More importantly, we have helped over 900,000 Canadians purchase and stay in their homes since 1995. We have also helped lower the cost of home ownership by reducing mortgage insurance premiums twice since 2003. In pure dollar terms, these industry price cuts have saved Canadian homebuyers $700 million.
Before I continue, I would like to give you some background on the mortgage insurance product and the industry. First, mortgage default insurance is the fastest and least expensive way to achieve home ownership. This is because it allows homebuyers to obtain mortgage financing with little or no down payment while borrowing at the lowest possible interest rates. Mortgage insurance works by covering the lender's loss if the homebuyer defaults on the mortgage loan for any reason other than death.

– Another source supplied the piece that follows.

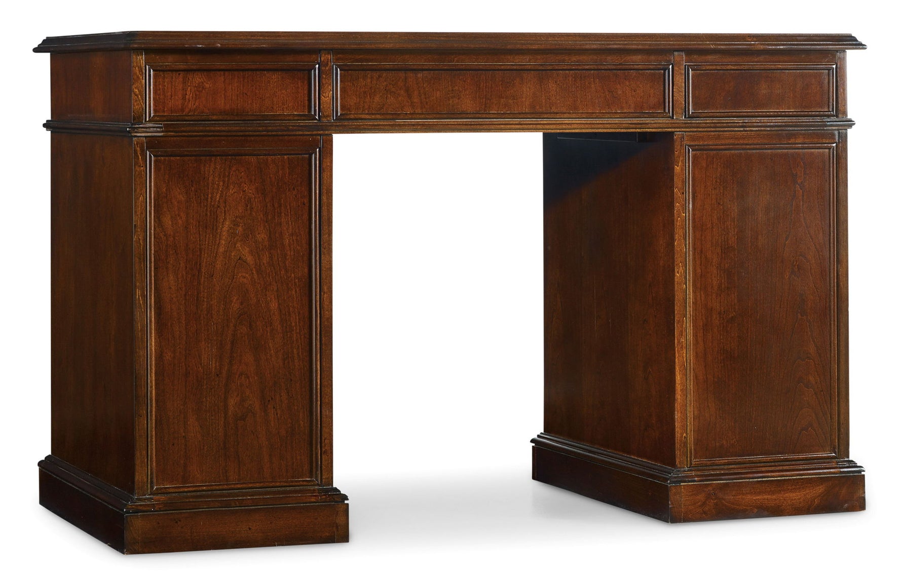 Unit price perThis desk is crafted using hardwood solid with cherry veneers, it features a bonded leather top.

In terms of our industry, the mortgage insurance marketplace is changing rapidly and is very competitive. There are two established mortgage insurance providers in Canada: the Canada Mortgage and Housing Corporation, or CMHC, and Genworth. Four new private sector companies are now entering the market as a result of federal legislation passed in 2006.
In addition to helping Canadians get into homes, mortgage insurance provides many other benefits. First, mortgage insurance plays an important role in maintaining the safety and soundness of the Canadian financial system. To explain, mortgage default insurance is mandatory under federal legislation for down payments of less than 20%. As a result, about half of Canadian mortgages today are insured, which means that each mortgage application is reviewed both by a lender and by a mortgage insurer before being approved. This second set of eyes is a responsible lending practice that also encourages prudent product development in Canada.

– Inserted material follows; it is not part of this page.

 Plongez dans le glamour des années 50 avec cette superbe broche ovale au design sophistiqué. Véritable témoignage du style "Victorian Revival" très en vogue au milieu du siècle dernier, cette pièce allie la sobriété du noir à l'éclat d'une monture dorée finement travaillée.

Mortgage insurance also helps small lenders compete against bigger lenders. This competition is particularly important for Canada, where credit unions and regional lenders provide significant services to rural areas and are a major provider of financial services in some provinces.
Mortgage insurance doesn't only help people buy homes, it also helps people stay in their homes when temporary financial difficulties put their mortgages at risk. These difficulties may include job loss, marital separation, serious illness, or accident. Over the past two years, Genworth has helped 580 Canadian households across the country stay in their homes in the face of financial hardship, and it is committed to continue helping more homeowners in the future.
I could provide you with many other benefits of the Canadian mortgage insurance system, but given the limited time, I'll just focus on one more. Mortgage insurers do not exit markets during periods of economic stress. Rather, they help maintain the availability of mortgage loans at affordable interest rates to help smooth market corrections. This is an important point to keep in mind, because as our neighbours in the United States are learning, market conditions can change quickly, and if we do not change with them, we could suffer the consequences.
Let me conclude by saying that Canada has one of the most efficient, safe, and stable housing markets in the world. Our experience elsewhere in the world is that increased competition in mortgage insurance can be beneficial, but it can also be detrimental if it is not properly regulated. Given current economic conditions, it is more important than ever that the federal government ensure that we have a strong mortgage insurance market. To this end, I'll offer the following two recommendations.
First, the federal government's policies in this area should ensure that there are clear rules so that consumers--that is, homeowners who pay for the cost of mortgage insurance--are the true beneficiaries of increased competition in residential mortgage insurance. Consumers benefit from competition, particularly with respect to innovation, competitive pricing, and greater efficiencies, when the market structure has been clearly established.
Second, the federal government's policies should ensure that the rules governing residential mortgage insurance apply equally to all market participants, including the CMHC, so that no artificial advantages for competitors are created or maintained and so consumers are the ultimate beneficiaries of competition.
I thank you for your time. Merci beaucoup.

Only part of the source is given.